╭─ Recorded data
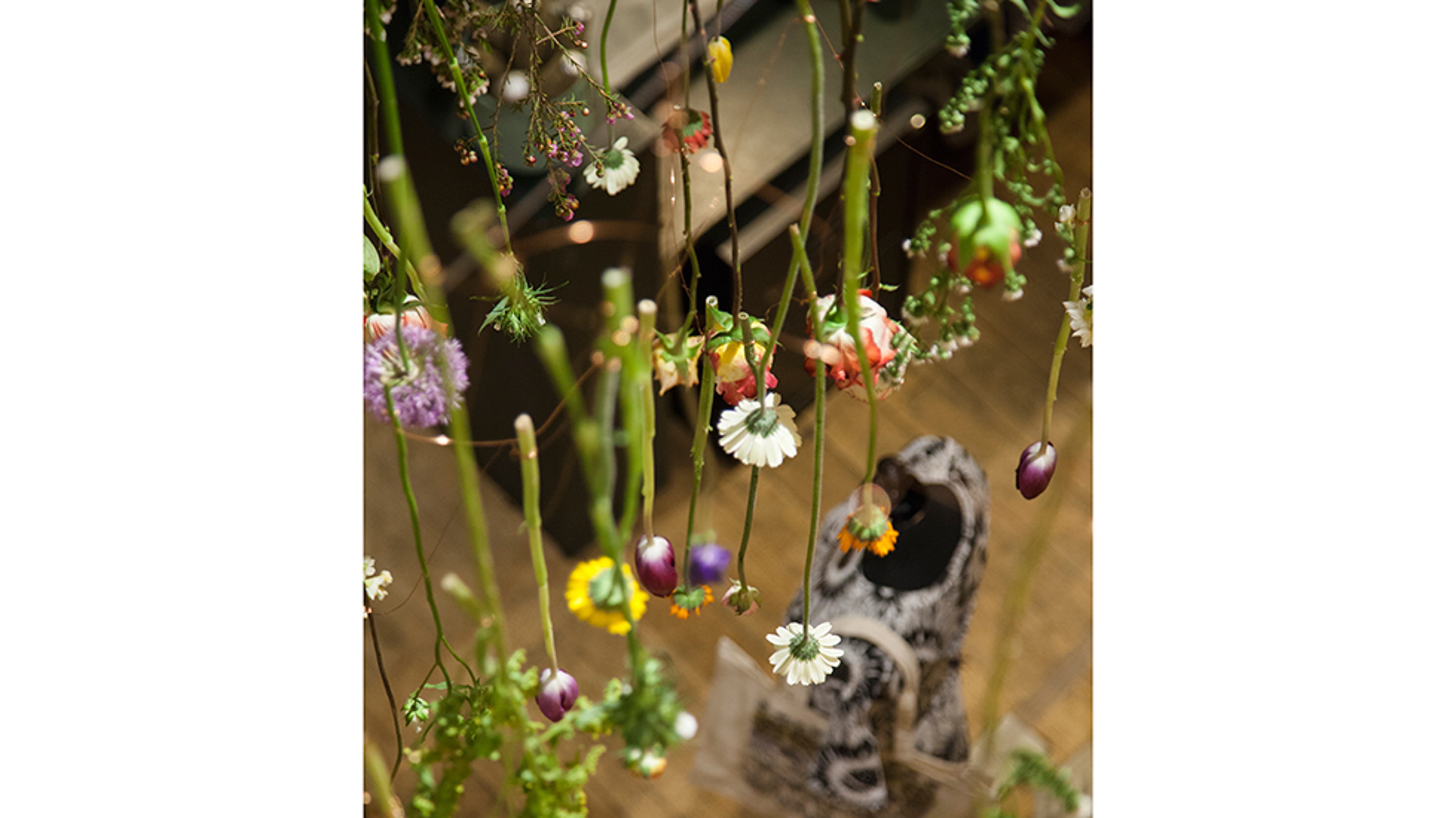 Here, we get a view of the hanging flowers – and the entire scene – from above.
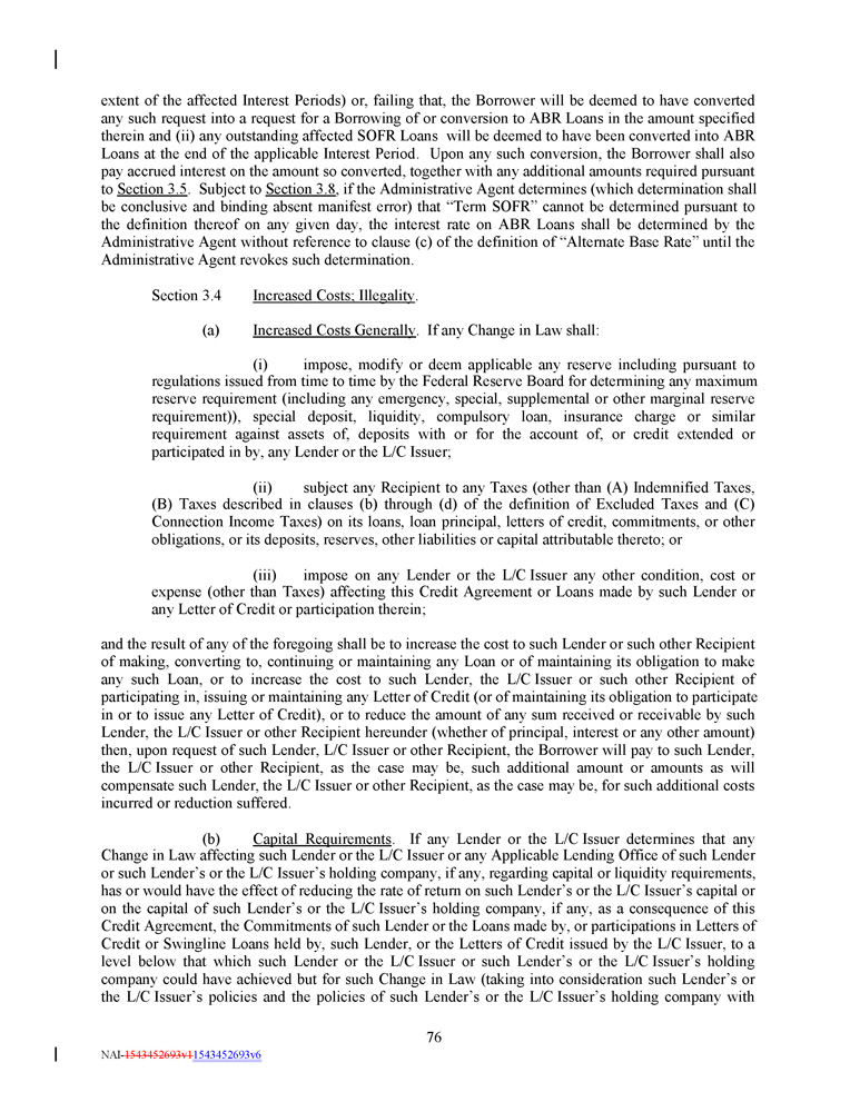 extent of the affected Interest Periods) or, failing that, the Borrower will be deemed to have converted any such request into a request for a Borrowing of or conversion to ABR Loans in the amount specified therein and (ii) any outstanding affected SOFR Loans will be deemed to have been converted into ABR Loans at the end of the applicable Interest Period . Upon any such conversion, the Borrower shall also pay accrued interest on the amount so converted, together with any additional amounts required pursuant to Section 3 . 5 . Subject to Section 3 . 8 , if the Administrative Agent determines (which determination shall be conclusive and binding absent manifest error) that “Term SOFR” cannot be determined pursuant to the definition thereof on any given day, the interest rate on ABR Loans shall be determined by the Administrative Agent without reference to clause (c) of the definition of “Alternate Base Rate” until the Administrative Agent revokes such determination . Section 3.4 Increased Costs; Illegality . (a) Increased Costs Generally . If any Change in Law shall: (i) impose, modify or deem applicable any reserve including pursuant to regulations issued from time to time by the Federal Reserve Board for determining any maximum reserve requirement (including any emergency, special, supplemental or other marginal reserve requirement)), special deposit, liquidity, compulsory loan, insurance charge or similar requirement against assets of, deposits with or for the account of, or credit extended or participated in by, any Lender or the L/C Issuer ; (ii) subject any Recipient to any Taxes (other than (A) Indemnified Taxes, (B) Taxes described in clauses (b) through (d) of the definition of Excluded Taxes and (C) Connection Income Taxes) on its loans, loan principal, letters of credit, commitments, or other obligations, or its deposits, reserves, other liabilities or capital attributable thereto ; or (iii) impose on any Lender or the L/C Issuer any other condition, cost or expense (other than Taxes) affecting this Credit Agreement or Loans made by such Lender or any Letter of Credit or participation therein ; and the result of any of the foregoing shall be to increase the cost to such Lender or such other Recipient of making, converting to, continuing or maintaining any Loan or of maintaining its obligation to make any such Loan, or to increase the cost to such Lender, the L/C Issuer or such other Recipient of participating in, issuing or maintaining any Letter of Credit (or of maintaining its obligation to participate in or to issue any Letter of Credit), or to reduce the amount of any sum received or receivable by such Lender, the L/C Issuer or other Recipient hereunder (whether of principal, interest or any other amount) then, upon request of such Lender, L/C Issuer or other Recipient, the Borrower will pay to such Lender, the L/C Issuer or other Recipient, as the case may be, such additional amount or amounts as will compensate such Lender, the L/C Issuer or other Recipient, as the case may be, for such additional costs incurred or reduction suffered . (b) Capital Requirements . If any Lender or the L/C Issuer determines that any Change in Law affecting such Lender or the L/C Issuer or any Applicable Lending Office of such Lender or such Lender’s or the L/C Issuer’s holding company, if any, regarding capital or liquidity requirements, has or would have the effect of reducing the rate of return on such Lender’s or the L/C Issuer’s capital or on the capital of such Lender’s or the L/C Issuer’s holding company, if any, as a consequence of this Credit Agreement, the Commitments of such Lender or the Loans made by, or participations in Letters of Credit or Swingline Loans held by, such Lender, or the Letters of Credit issued by the L/C Issuer, to a level below that which such Lender or the L/C Issuer or such Lender’s or the L/C Issuer’s holding company could have achieved but for such Change in Law (taking into consideration such Lender’s or the L/C Issuer’s policies and the policies of such Lender’s or the L/C Issuer’s holding company with 76 NAI - 1543452693v1 1543452693v6
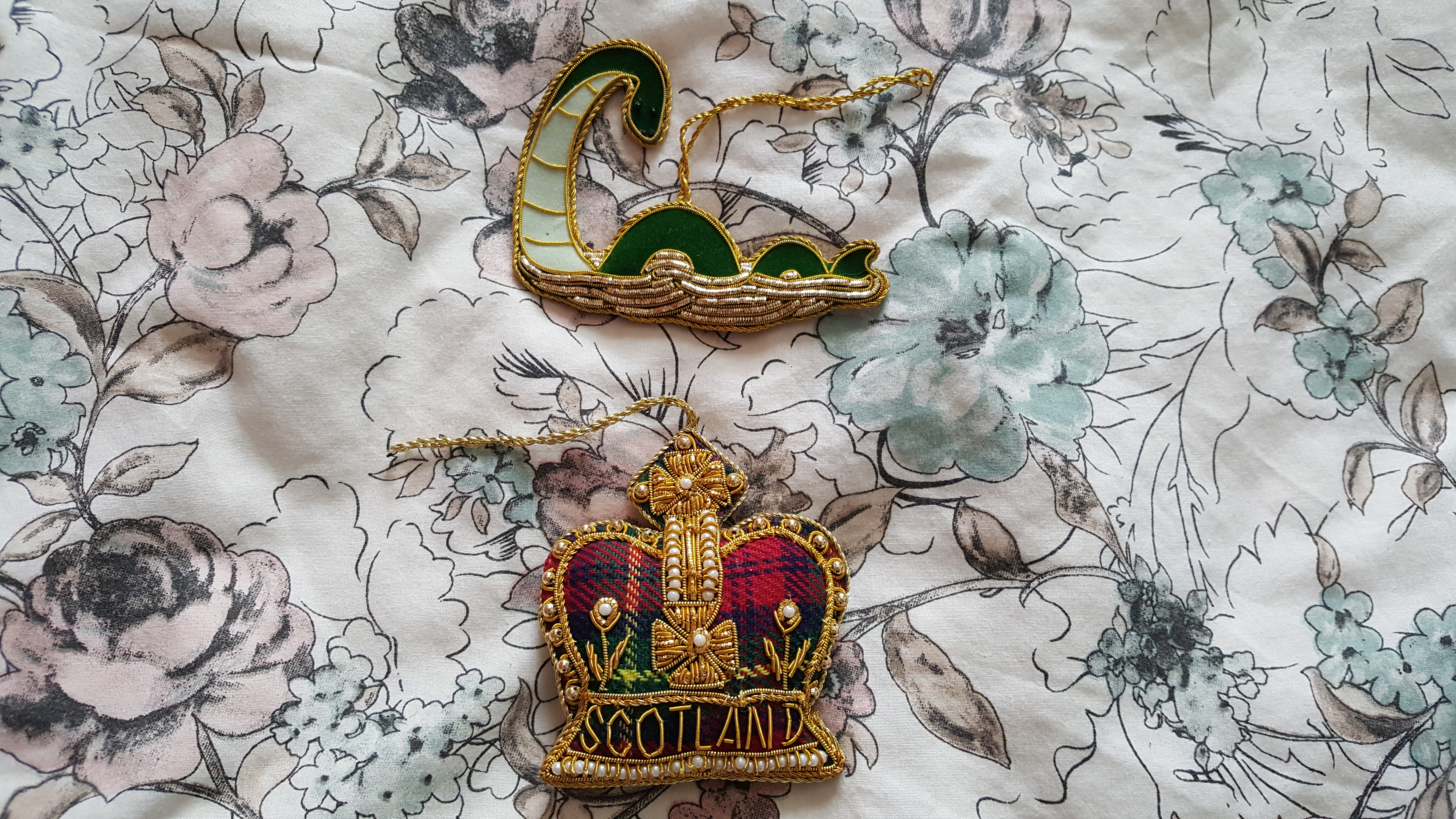 Et sinon, en Ecosse, j’ai reçu en cadeau ce joli monstre du Loch Ness en décoration de Noël et je me suis offert cette jolie couronne en tartan… toujours sur le thème des déco de Noël. On ne se refait pas !
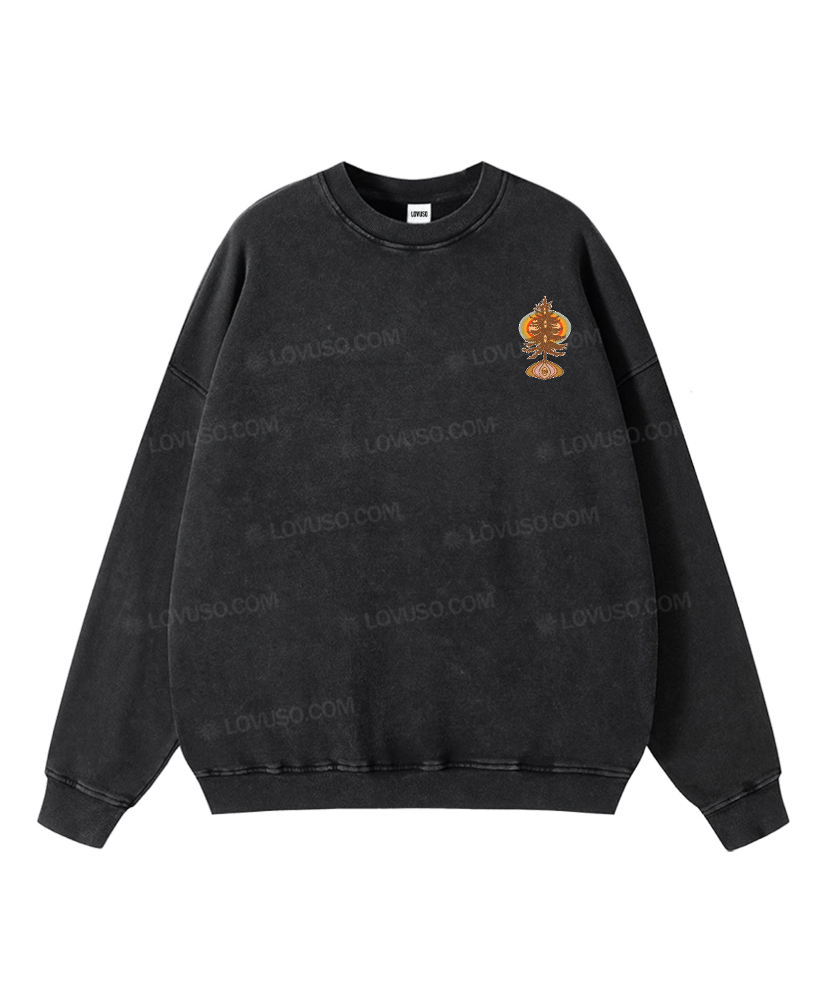 Washed for a naturally lived-in feel, this Lovuso crewneck sweatshirt carries the comfort of something familiar — soft, grounding, and quietly expressive. The classic crew neckline creates a calm inner space, offering a gentle sense of safety and ease, as if the world slows down when you slip it on. With its worn-in texture and relaxed silhouette, it’s designed for slow days, creative flow, and moments of returning to yourself.
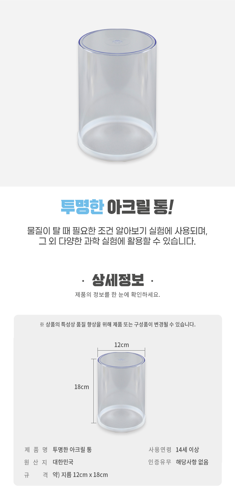 | 품명 및 모델명 | [와니사이언스] 투명한 아크릴 통(지름12* 18cm, 실리콘부) |
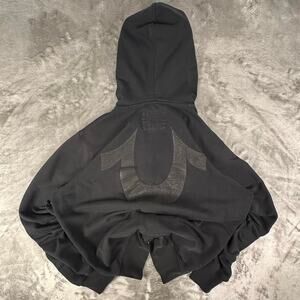 Distressed True Religion Black Horshoe Graphic Full-zip Hoodie Size Large
╰─
Work to complete: Please write out every line of the listing above exactly, and leave the images behind.

Response area:
 Here, we get a view of the hanging flowers – and the entire scene – from above.
 extent of the affected Interest Periods) or, failing that, the Borrower will be deemed to have converted any such request into a request for a Borrowing of or conversion to ABR Loans in the amount specified therein and (ii) any outstanding affected SOFR Loans will be deemed to have been converted into ABR Loans at the end of the applicable Interest Period . Upon any such conversion, the Borrower shall also pay accrued interest on the amount so converted, together with any additional amounts required pursuant to Section 3 . 5 . Subject to Section 3 . 8 , if the Administrative Agent determines (which determination shall be conclusive and binding absent manifest error) that “Term SOFR” cannot be determined pursuant to the definition thereof on any given day, the interest rate on ABR Loans shall be determined by the Administrative Agent without reference to clause (c) of the definition of “Alternate Base Rate” until the Administrative Agent revokes such determination . Section 3.4 Increased Costs; Illegality . (a) Increased Costs Generally . If any Change in Law shall: (i) impose, modify or deem applicable any reserve including pursuant to regulations issued from time to time by the Federal Reserve Board for determining any maximum reserve requirement (including any emergency, special, supplemental or other marginal reserve requirement)), special deposit, liquidity, compulsory loan, insurance charge or similar requirement against assets of, deposits with or for the account of, or credit extended or participated in by, any Lender or the L/C Issuer ; (ii) subject any Recipient to any Taxes (other than (A) Indemnified Taxes, (B) Taxes described in clauses (b) through (d) of the definition of Excluded Taxes and (C) Connection Income Taxes) on its loans, loan principal, letters of credit, commitments, or other obligations, or its deposits, reserves, other liabilities or capital attributable thereto ; or (iii) impose on any Lender or the L/C Issuer any other condition, cost or expense (other than Taxes) affecting this Credit Agreement or Loans made by such Lender or any Letter of Credit or participation therein ; and the result of any of the foregoing shall be to increase the cost to such Lender or such other Recipient of making, converting to, continuing or maintaining any Loan or of maintaining its obligation to make any such Loan, or to increase the cost to such Lender, the L/C Issuer or such other Recipient of participating in, issuing or maintaining any Letter of Credit (or of maintaining its obligation to participate in or to issue any Letter of Credit), or to reduce the amount of any sum received or receivable by such Lender, the L/C Issuer or other Recipient hereunder (whether of principal, interest or any other amount) then, upon request of such Lender, L/C Issuer or other Recipient, the Borrower will pay to such Lender, the L/C Issuer or other Recipient, as the case may be, such additional amount or amounts as will compensate such Lender, the L/C Issuer or other Recipient, as the case may be, for such additional costs incurred or reduction suffered . (b) Capital Requirements . If any Lender or the L/C Issuer determines that any Change in Law affecting such Lender or the L/C Issuer or any Applicable Lending Office of such Lender or such Lender’s or the L/C Issuer’s holding company, if any, regarding capital or liquidity requirements, has or would have the effect of reducing the rate of return on such Lender’s or the L/C Issuer’s capital or on the capital of such Lender’s or the L/C Issuer’s holding company, if any, as a consequence of this Credit Agreement, the Commitments of such Lender or the Loans made by, or participations in Letters of Credit or Swingline Loans held by, such Lender, or the Letters of Credit issued by the L/C Issuer, to a level below that which such Lender or the L/C Issuer or such Lender’s or the L/C Issuer’s holding company could have achieved but for such Change in Law (taking into consideration such Lender’s or the L/C Issuer’s policies and the policies of such Lender’s or the L/C Issuer’s holding company with 76 NAI - 1543452693v1 1543452693v6
 Et sinon, en Ecosse, j’ai reçu en cadeau ce joli monstre du Loch Ness en décoration de Noël et je me suis offert cette jolie couronne en tartan… toujours sur le thème des déco de Noël. On ne se refait pas !
 Washed for a naturally lived-in feel, this Lovuso crewneck sweatshirt carries the comfort of something familiar — soft, grounding, and quietly expressive. The classic crew neckline creates a calm inner space, offering a gentle sense of safety and ease, as if the world slows down when you slip it on. With its worn-in texture and relaxed silhouette, it’s designed for slow days, creative flow, and moments of returning to yourself.
 | 품명 및 모델명 | [와니사이언스] 투명한 아크릴 통(지름12* 18cm, 실리콘부) |
 Distressed True Religion Black Horshoe Graphic Full-zip Hoodie Size Large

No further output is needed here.